# Records shown
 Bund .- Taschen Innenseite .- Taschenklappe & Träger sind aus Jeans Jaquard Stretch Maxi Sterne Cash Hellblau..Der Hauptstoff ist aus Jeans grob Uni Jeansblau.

==

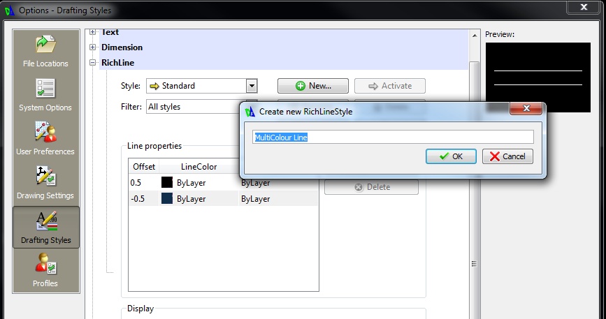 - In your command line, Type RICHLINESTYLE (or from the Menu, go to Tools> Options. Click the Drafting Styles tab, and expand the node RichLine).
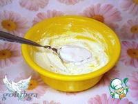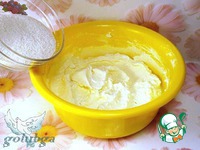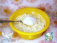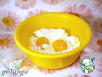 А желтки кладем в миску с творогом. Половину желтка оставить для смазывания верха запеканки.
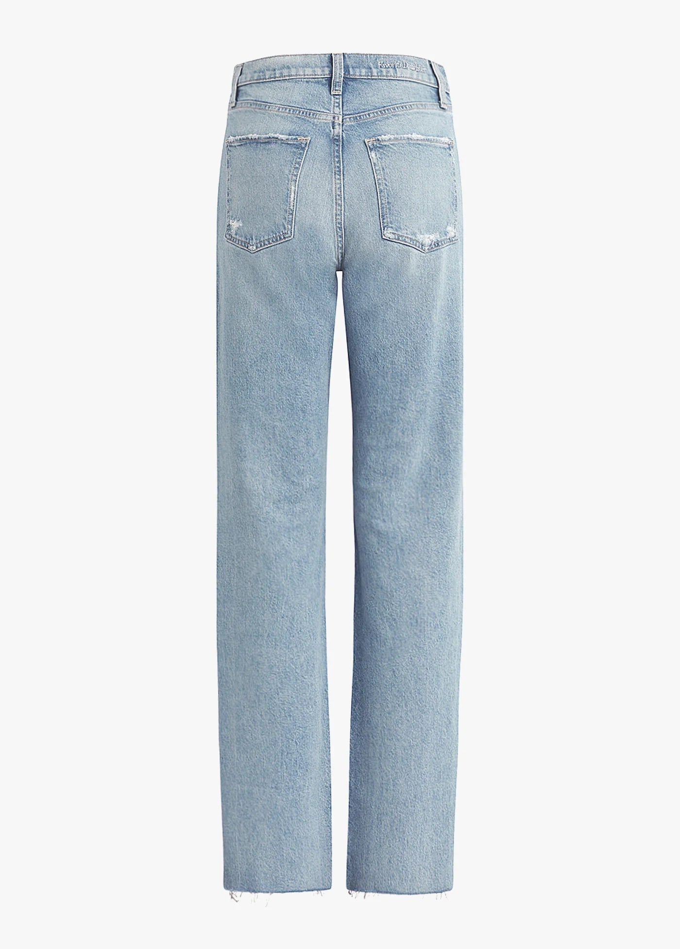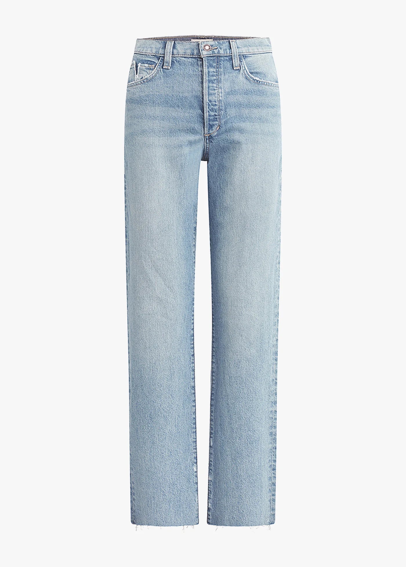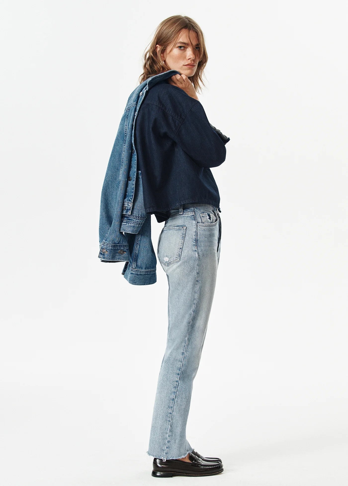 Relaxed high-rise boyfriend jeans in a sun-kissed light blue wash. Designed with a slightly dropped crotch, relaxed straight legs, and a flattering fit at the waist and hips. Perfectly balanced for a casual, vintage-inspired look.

# Exercise goal
Write out exactly the run of lines above that starts at the line containing "- In your command" and ends at the line containing "Relaxed high-rise boyfriend". Include both, and leave the pictures out.

# Response box
 - In your command line, Type RICHLINESTYLE (or from the Menu, go to Tools> Options. Click the Drafting Styles tab, and expand the node RichLine).
 А желтки кладем в миску с творогом. Половину желтка оставить для смазывания верха запеканки.
 Relaxed high-rise boyfriend jeans in a sun-kissed light blue wash. Designed with a slightly dropped crotch, relaxed straight legs, and a flattering fit at the waist and hips. Perfectly balanced for a casual, vintage-inspired look.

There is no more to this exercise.